The UK Bar Council (an organization that regulates UK lawyers) suggests that you might consider the following factors when deciding whether a request is "manifestly unfounded or excessive":
- The number of repeat requests that have been made
- The nature of the personal data requested
- The purpose for which you're processing the personal data
- The frequency with which the personal data changes (for example, if the data has not changed between repeated access requests, you may be justified in not providing a copy of the same personal data several times)
If you decide that a request is unreasonable, you can:
- Charge a reasonable fee
- Refuse to carry out the request
You might also be justified in exceeding the one-month deadline, if trying to comply with such a request.
You must be able to justify your decision to refuse or charge for a request.
If you're processing personal data on certain lawful bases, you may not be required to comply with certain data subject rights requests.
None of the rights are absolute on any legal basis, but here are some of the more straightforward exceptions, based on guidance from the ICO.
A tick indicates that you normally will need to comply, a cross indicates that you normally will not need to.
|Right to erasure||Right to data portability||Right to object|
|Consent||✔||✔||The data subject may withdraw their consent|
|Contract||✔||✔||Only applies in the context of direct marketing|
|Legitimate interests||✔||✗||Unless there remains an overriding legitimate interest for the processing|
These exceptions make sense in context. For example:
- If you're required to share someone's personal data with the police, the individual cannot stop you from doing this (legal obligation/right to object)
- If a tax authority holds a person's name and address, they can't be asked to delete them (public interest/right to erasure)
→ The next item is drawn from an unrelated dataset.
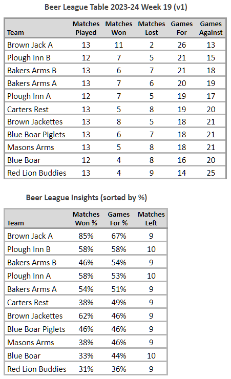 In the Beer League, Brown Jack A have started to pull away from the other teams thanks to a 3-0 win against the Blue Boar Piglets.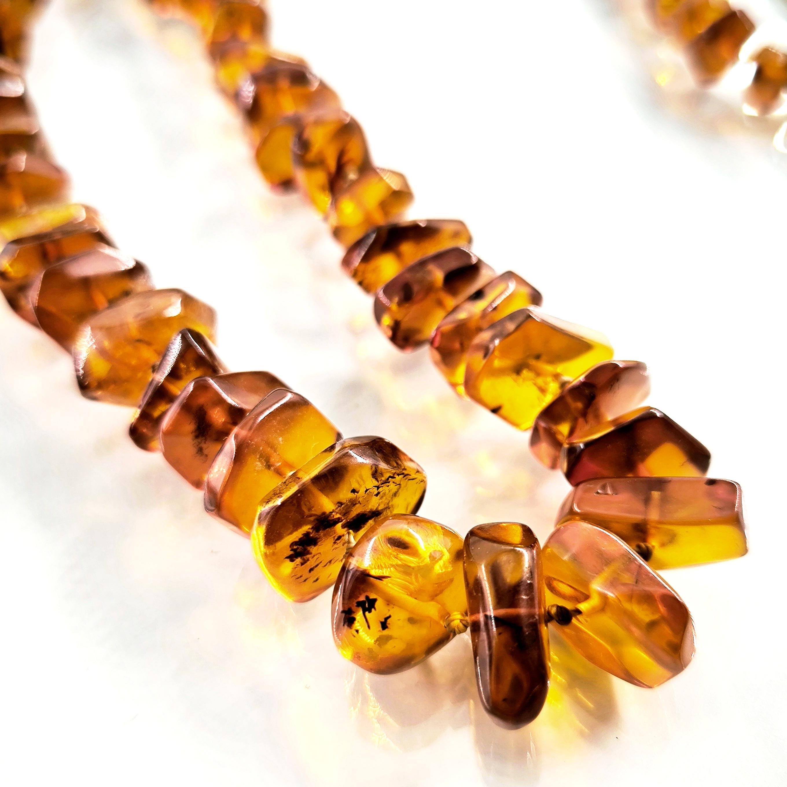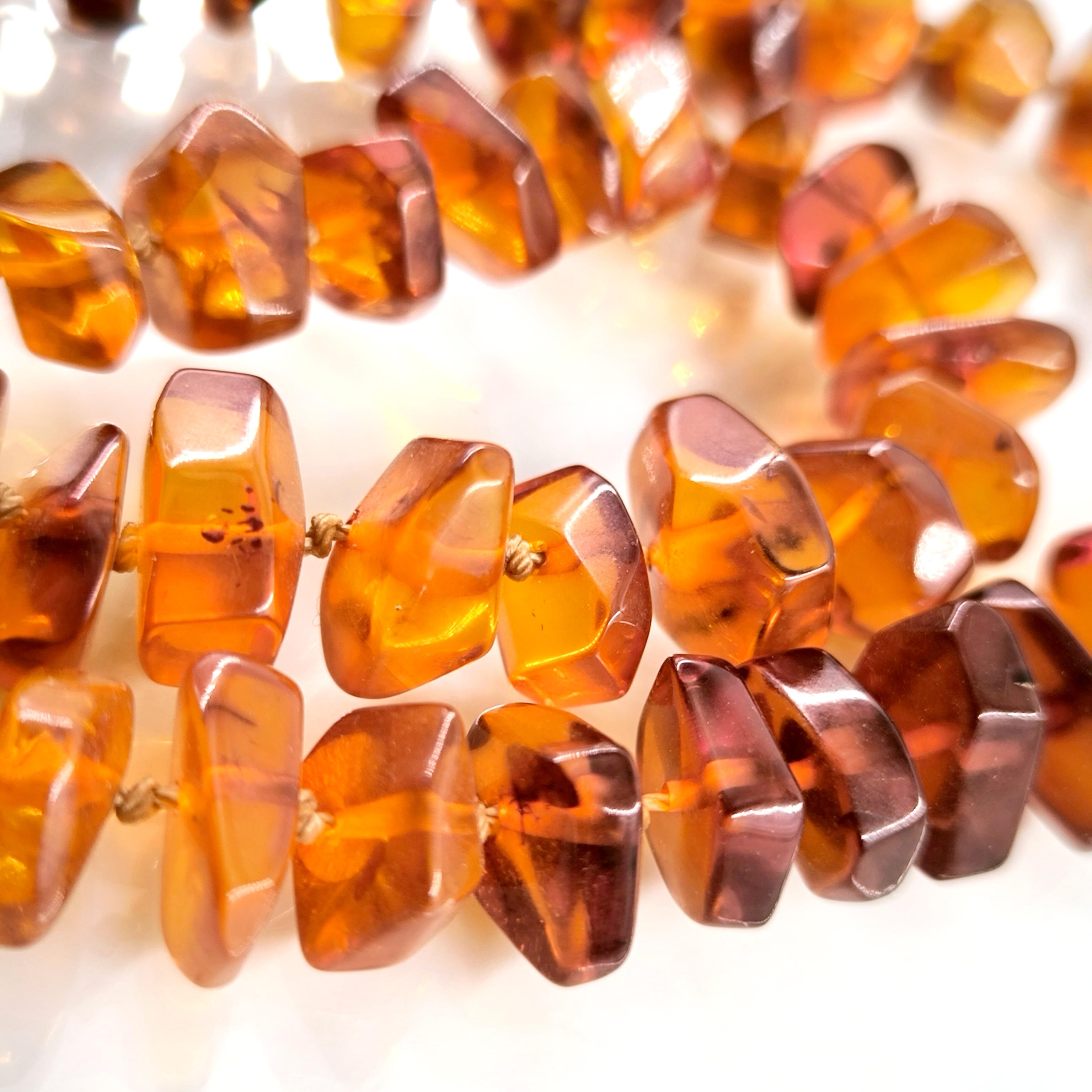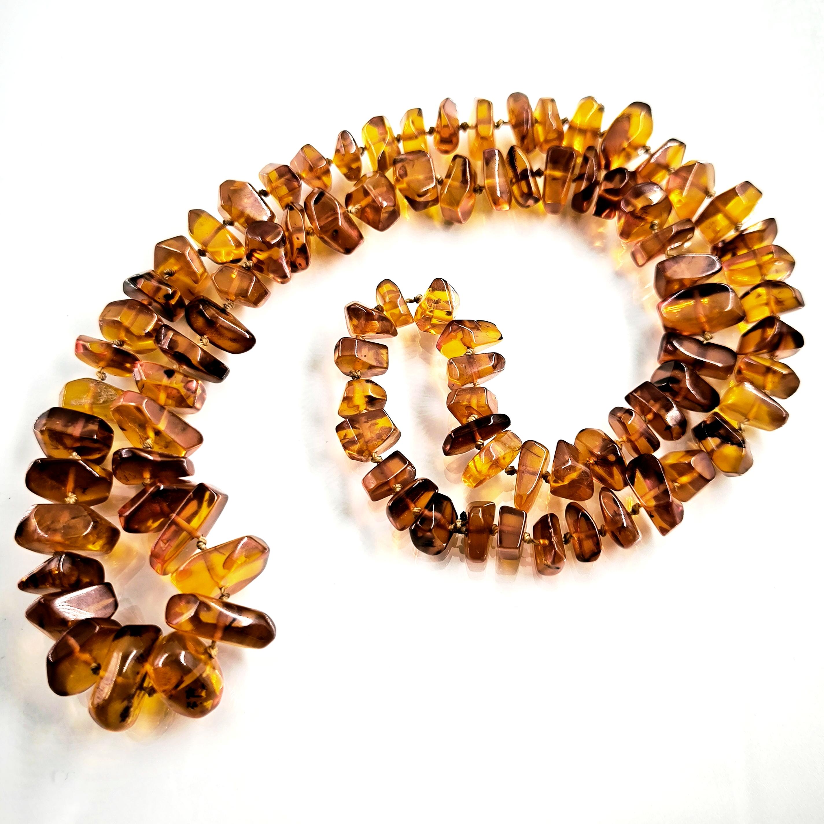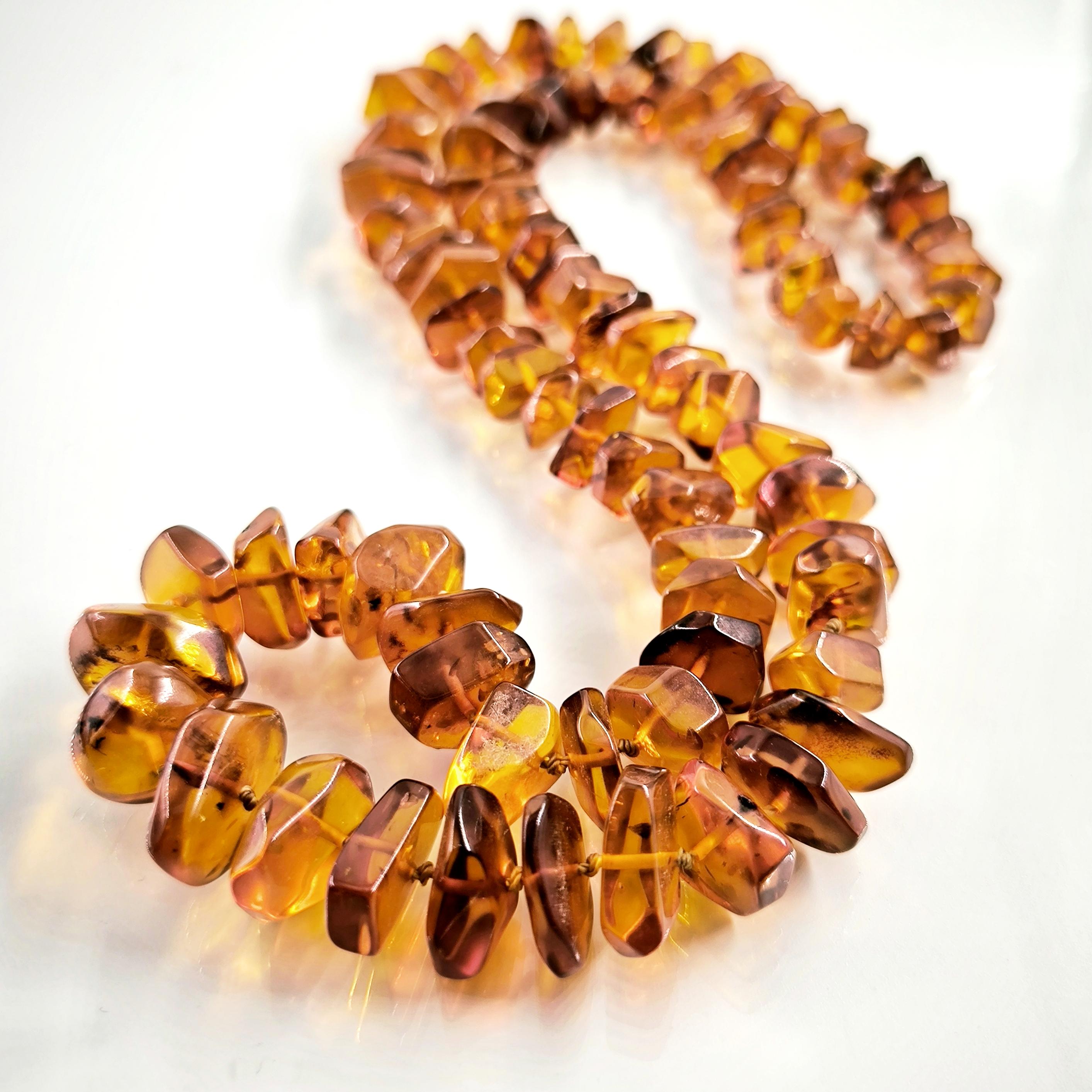 1960'LAR NATÜREL DAMLA KEHRİBAR AMORF KESİM KALLAVİ BOYUTTA ANTİKA KEHRİBAR KOLYE

- If a company has logged someone's contact details and correspondence in connection with the prevention of fraud, it wouldn't be appropriate to provide the person with a copy of this data in a portable format so that it can be transferred to another data controller (legitimate interests/data portability)
There are certain situations where one or more of the data subject rights will simply not apply. For example, a suspected criminal under the investigation of the police cannot be granted access to their file.
EU countries have all implemented their own national data protection law, based on the GDPR. Each has slightly different exemptions. For example, the UK's Data Protection Act 2018 restricts the data subject rights in certain contexts related to immigration control.
The exemptions are unlikely to be relevant for your purposes as a developer, but you should get to know the relevant national laws just in case.
It's fine to request that a person provides you with some form of ID before you carry out their request. If they don't provide it, you might be justified in refusing the request.
You must be reasonable in your request for ID. Don't be obstructive.
If you have asked a person for ID, the one month deadline period begins once you've received it.
Key Takeaways from This Chapter
The data subject rights are one of the most important aspects of the GDPR. It's down to you to either facilitate (in the case of a data controller) or help facilitate (in the case of a data processor) these rights. There are serious consequences for companies who fail to do this.
- Be ready to comply. Make sure people in your company know what a data subject right request looks like.
- Make sure you are actually required to carry out a request before you do so.
- Provide functions within your website or app that allow a user (or data controller) to access their rights directly, so that they don't need to contact you with this request.
- Remember that you may have to facilitate rights for non-users, too.